Собирайте последовательно в центре левой доли, избегая периферийных областей, где ткань более тонкая. Следите за тем, чтобы не проколоть желчный пузырь в случае подтекания желчи. Немедленно промойте салфетку водой или солевым раствором.
Немедленно заморозьте биопсию в жидком азоте и храните ее при температуре минус 80 градусов Цельсия до проведения ЯМР-анализа Чтобы подготовиться к H-R-M-A-S-N-M-R, вставьте третью биопсию в циркониевый ротор и заполните оставшийся объем чистой тяжелой водой для ЯМР-блокировки. Будьте осторожны, чтобы не образовались пузыри, так как они могут изменить качество последующего шимминга и сбора данных. Вставьте тефлоновую прокладку объемом 50 микролитров с помощью цилиндрического винта.
Открутите его и откалибруйте с помощью глубиномера с короткой стороны. Поместите штифт резьбы на распорку и аккуратно прикрутите его отверткой. Сушите птичник, любые остатки воды с кусочком салфетки.
Далее поместите колпачок в верхнюю часть ротора и вставьте его в пакер ротора. Сильно нажмите, пока колпачок не окажется на месте. Между ротором и его крышкой не должно оставаться пространства, отметьте половину нижней части ротора черным маркером, чтобы обеспечить оптическое определение скорости вращения.
Как только ротор будет достаточно упакован, поместите его внутрь ЯМР-спектрометра и начните вращать до пяти килогерц. Здесь. Используется усовершенствованный трехполосный спектрометр с частотой 500 МГц. Получение спектра протонного ЯМР с помощью последовательности импульсов CP MG.
Согласно рекомендациям производителя, обильный альфа- и числовой пик альфа- и числового дублета глюкозы на уровне 5,22 частей на миллион может быть использован для калибровки полученных спектров ЯМР. Чтобы распаковать ротор, снимите крышку, с помощью средства для снятия крышки открутите штифт резьбы и снимите тефлоновую проставку. С помощью цилиндрического винта аппарат можно тщательно промыть с использованием воды и моющего средства.
Появление кишечных микробных сометаболитов в процессе колонизации наглядно проиллюстрировано в этом протонном спектре метаболического профиля мочи у животного, колонизированного через 20 дней. Это животное не выделяло в послушном сульфате и очень малых количествах фенилацетилглицина, сокращенно PAG и сульфата клеток в стерильном состоянии. По мере прогрессирования колонизации эти три маркера белкового метаболизма в микробиоте кишечника значительно увеличиваются и достигают равновесия на 20-й день.

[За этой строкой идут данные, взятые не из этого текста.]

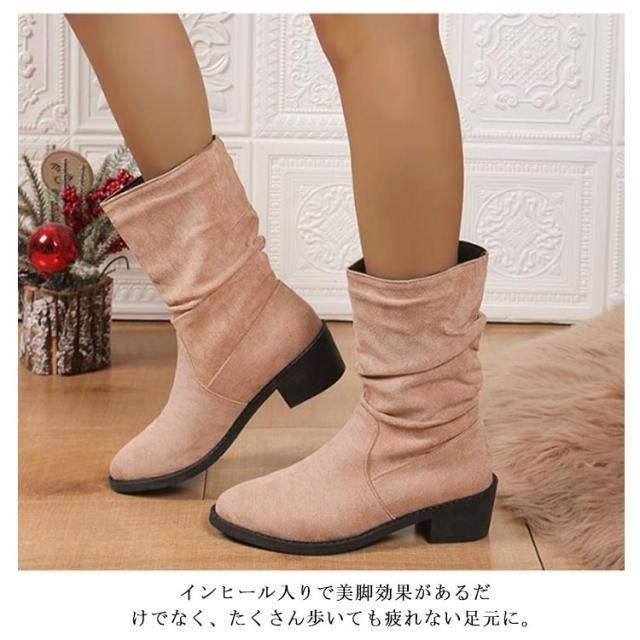 ブーツ レディース ショートブーツ スエード靴 秋冬 スエード 靴 シューズ ブーツ 大人 カジュアル ブーティ ローヒール ぺたんこ フラット ローヒール スエード 幅広 靴 軽量 ヒール お洒落 秋冬 美脚 原宿系 送料無料

Интегрируя конкретный триплетный пик PAG, стало возможным количественно оценить увеличение этого конкретного маркера с течением времени. На этой диаграмме представлена средняя концентрация ПАГ во время колонизации для группы из семи животных с помощью спектроскопии протона H-R-M-A-S-N-M-R, получен метаболический профиль печени двух мышей до и после колонизации. Этот рисунок хорошо иллюстрирует информацию, которую можно получить из метаболического профиля на основе A-M-A-S-N-M-R.

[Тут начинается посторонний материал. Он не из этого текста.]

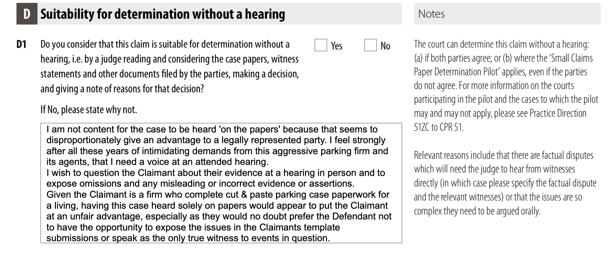 Hello everyone. I finally got my N180 form through the post. Have started filling it in, using this post as a guide: https://forums.moneysavingexpert.com/discussion/comment/71763411#Comment_71763411But I have a few questions if that's okay.1). D1 asks you whether you consider your claim is suitable for determination without a hearing. Should I answer yes or no to this one?2). E1 asks you which county court you would prefer. There is one literally a 5-minute walk away from where I live, but its status is listed as "inactive" on https://courtsdatabase.co.uk , which presumably rules it out (unfortunately). All the other courts I looked at were "active", but had terrible reviews on google. I've got no idea what to look for in a court, so should I just pick the closest one to me geographically and not worry about anything else?3). E5 asks if you believe you are vulnerable in a way which the court needs to consider. I'm tempted to answer yes to this one, citing my autism - I've got an official diagnosis and can provide proof of that if needed. The reason is, it does affect my ability to commumicate, particularly under stress. And this will be stressful. Do you think that's a good idea or would it be better to not say anything?Sorry for all the questions

Можно визуализировать многочисленные аминокислоты, а также метаболиты, полученные в результате энергетического метаболизма. Эти профили также содержат информацию, относящуюся к окислительному стрессу, метаболизму нуклеотидов и метаболизму метиламина. В этом примере совершенно ясно, что у стерильных мышей почти нет гликогена и очень низкое количество глюкозы и триглицеридов.
Таким образом, следуя этой процедуре, можно применять несколько статистических инструментов, таких как химиотерапия, чтобы кластеризовать логические выборки в соответствии с метаболическим профилем и выделить биомаркеры, связанные с метаболическим статусом.
View the full transcript and gain access to thousands of scientific videos
В данном исследовании описан прогрессивный процесс колонизации для оценки его влияния на метаболизм печени хозяина. Колонизирование контролируется неинвазивно путем выведения микробных сометаболитов с мочой с использованием спектроскопии ЯМР для метаболического профилирования.